Life ebbs and flows; sometimes we are beaten back by the
tide, other times it lifts and carries us. Randy Carlson had retired from
teaching at Belle Plaine at the end of the school year, but on the 19th
of June he was at the school supervising students in the gym. His wife, Terry,
was home with her daughter looking at pictures.
“Into each life some rain must fall, some days must be dark
and dreary,” Henry Wadsworth Longfellow.
After several days of rain the hillside nearby gave way and
slammed into their dream home, collapsing a wall and bringing tons of mud into
their dining room. Terry and her daughter got out safely. However, their house
may be damaged beyond repair. Home insurance does not cover this type of loss
and flood insurance may not have either.
Randy was two years ahead of me in high school; Terry was in
my class. He was a successful basketball coach and popular teacher; together
they raised their four children. They had worked hard and built a beautiful
home in the country, where they had planned to spend their well-deserved
retirement. They had not planned on this; they certainly did not deserve this.
They lost personal property, their home and their dream, and
yet both were quoted in the Belle Plaine Herald saying, “We’re very lucky.”
It’s hard to imagine being able to muster that attitude
after such devastation. How many of us would have the perspective that things
could be worse, that there are many people worse off, to be happy just to be
alive? I would like to think I could be like that, but I’m not sure I have the
strength, and I pray that my mettle is never tested to that degree.

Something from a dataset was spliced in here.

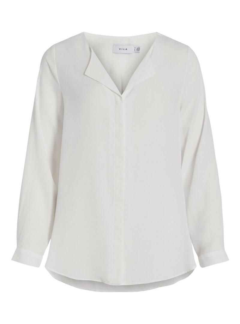 Camisa Vila. Modelo Lucy. Cor branca. Decote em V com lapelas. Fecho de botões ocultos. Punhos com botões. Tecido leve.
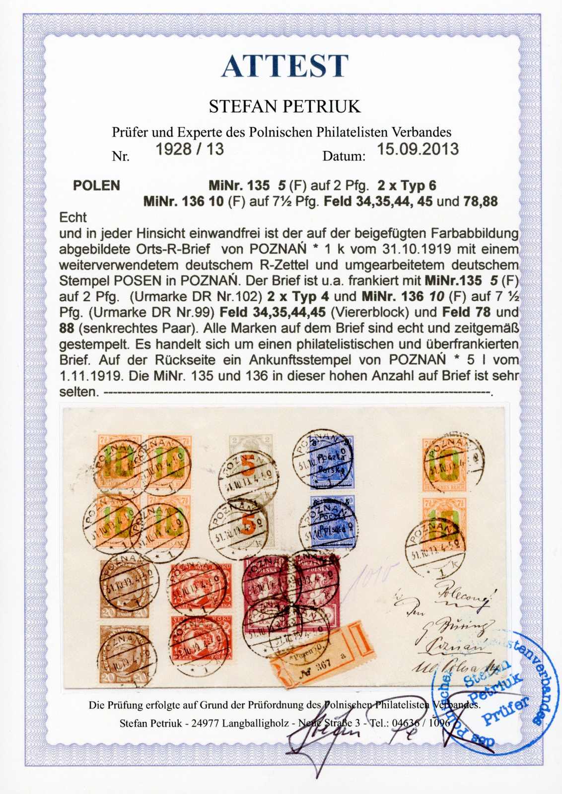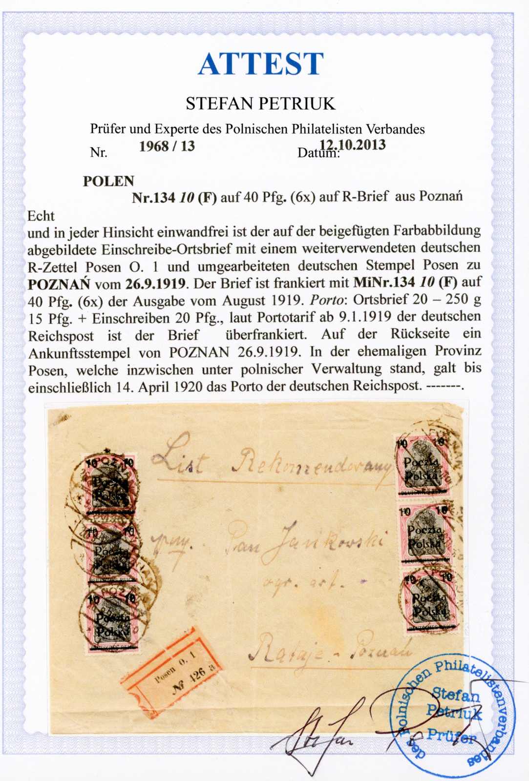 aufgenommen... mit Aufgabestempel Poznan 1 31.10.19. 8 Marken der 2. Posener Ausgabe und dazu in MiF sind äußerst selten. Hier natürlich nicht portogerecht und sicherlich philatelistisch beeinflusst. Fotoatteste Schmutz und Petriuk (Image) (imagea)

My mother used to say “Every family has trouble, if not now,
then later.” I never liked hearing that,
as it sounded like so much doom and gloom and rather fatalistic, as in trouble
is headed your way and there is nothing you can do to stop it. It’s not very
comforting to have that to look forward to.
We all wish for our problems to be manageable, the kind
where we say, “Someday we will all laugh about this.” We avoid trouble, and we
certainly don’t look for it. We manage our risks, we work, plan and save so
that someday we can stop working and enjoy the fruits of our labor. But what
happens if the fruit tree is suddenly uprooted by a wall of mud right before it
is ready to be picked?
A relief fund for the Carlson family has been set up at the
State Bank of Belle Plaine P.O. Box 87, Belle Plaine, MN 56011
Their friends, family, and their home town will be there to
help them bounce back; we should all be so lucky to have that much support. But
to accept the good with the bad like the Carlson’s have, that takes real depth
of character; character as deep as an ocean.